Step 2: Detect GPU Vendor

Run the detection script:

python3 .claude/skills/gpu-container-setup/scripts/detect_gpu.py

Expected output:

{"vendor": "ascend", "devices": ["Ascend 910B"], "count": 8}

If detection fails and no --vendor flag provided, ask user which vendor to use.

Step 3: Find Data Disk

Run the data disk detection:

python3 .claude/skills/gpu-container-setup/scripts/find_data_disk.py

Expected output:

{"data_disk": "/mnt/data", "found": true, "size": "2.0T", "available": "1.5T"}

If no suitable disk found, ask user for data mount path.

Step 4: Find Container Image

Follow strict priority order (only proceed to next if current fails):

1. Primary Vendor Hub (hardcoded) → 2. BAAI Harbor → 3. Web Search → 4. Local Images → 5. Ask User

Step 4.1: Primary Vendor Hub (hardcoded URLs)

| Vendor | Registry | API/Query | |--------|----------|-----------| | NVIDIA | nvcr.io | https://api.ngc.nvidia.com/v2/repos/nvidia/pytorch/tags | | Ascend | ascendhub.huawei.com | Portal: https://ascendhub.huawei.com | | Metax | registry.metax-tech.com | https://registry.metax-tech.com/v2/pytorch/metax-pytorch/tags/list | | Iluvatar | hub.iluvatar.com | https://hub.iluvatar.com/v2/pytorch/iluvatar-pytorch/tags/list | | AMD | docker.io (rocm/pytorch) | https://hub.docker.com/v2/repositories/rocm/pytorch/tags |

# Example: Query NGC for latest NVIDIA PyTorch
TAG=$(curl -s "https://api.ngc.nvidia.com/v2/repos/nvidia/pytorch/tags" | jq -r '.tags[].name' | grep -E '^[0-9]{2}\.[0-9]{2}-py3$' | sort -rV | head -1)
IMAGE="nvcr.io/nvidia/pytorch:${TAG}"

Step 4.2: BAAI Harbor (fallback)

Only if Step 4.1 fails (unreachable, no image, pull fails).

# Query BAAI Harbor
curl -s "https://harbor.baai.ac.cn/api/v2.0/projects/flagrelease-public/repositories?page_size=100" | jq -r '.[].name' | grep "flagrelease-<vendor>"

Step 4.3: Web Search (fallback)

Only if Steps 4.1 and 4.2 fail.
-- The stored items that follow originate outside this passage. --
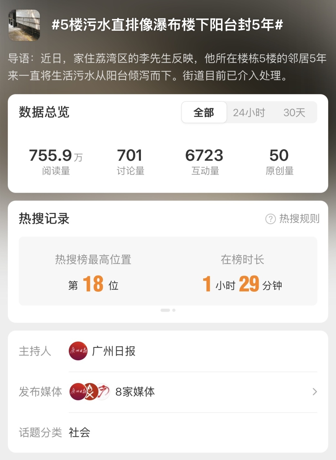 5月5日,广州日报报道了《5楼污水直排像瀑布 楼下阳台封5年》,引发热烈反响,登上全国热搜。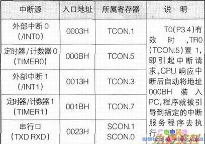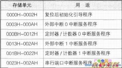 其中0003H、000BH、0013H、001BH、0023H为5个中断源的中断服务程序的人口地址(如下表)。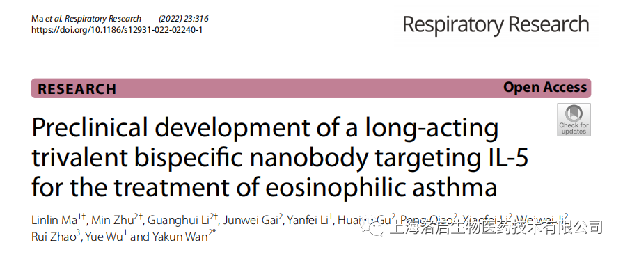 科研力量 I 九州ku游官网生物长效IL-5纳米抗体研究成果于《Respiratory Research》发表!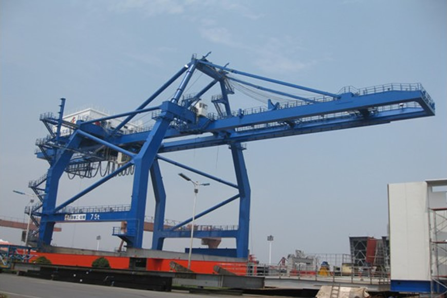 輪胎式集裝箱門式起重機(jī)方面,大連重工研制的該類產(chǎn)品適用于國際標(biāo)準(zhǔn)集裝箱的搬運(yùn)及裝卸,設(shè)備性能先進(jìn),機(jī)動性好,對地面不平度敏感性小。目前產(chǎn)品主要機(jī)型為吊具下30.5噸—45噸。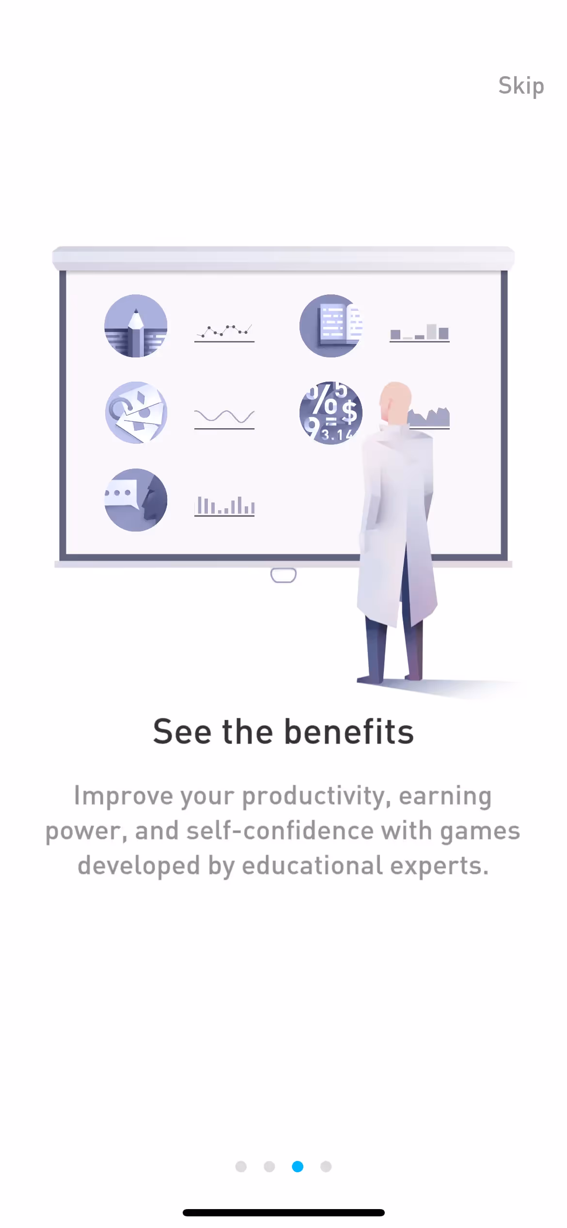 Their real-world application focus receives clear introduction during onboarding. Users understand how brain training games connect to practical skills like email comprehension, mental math, and verbal expression.

Search for "<vendor> pytorch docker official".

Step 4.4: Local Images (fallback)

Only if Steps 4.1-4.3 fail. Check docker images | grep pytorch.

Test Before Use

docker pull "${IMAGE}" && docker run --rm "${IMAGE}" python -c "import torch; print(torch.__version__)"

If test fails, try next source. If all fail, ask user for image.

Step 4.5: Update Skill (self-improvement)

IMPORTANT: If image found via Web Search (Step 4.3) passes all tests, update references/image-sources.md to add the newly discovered vendor hub as a primary source. This makes future lookups faster.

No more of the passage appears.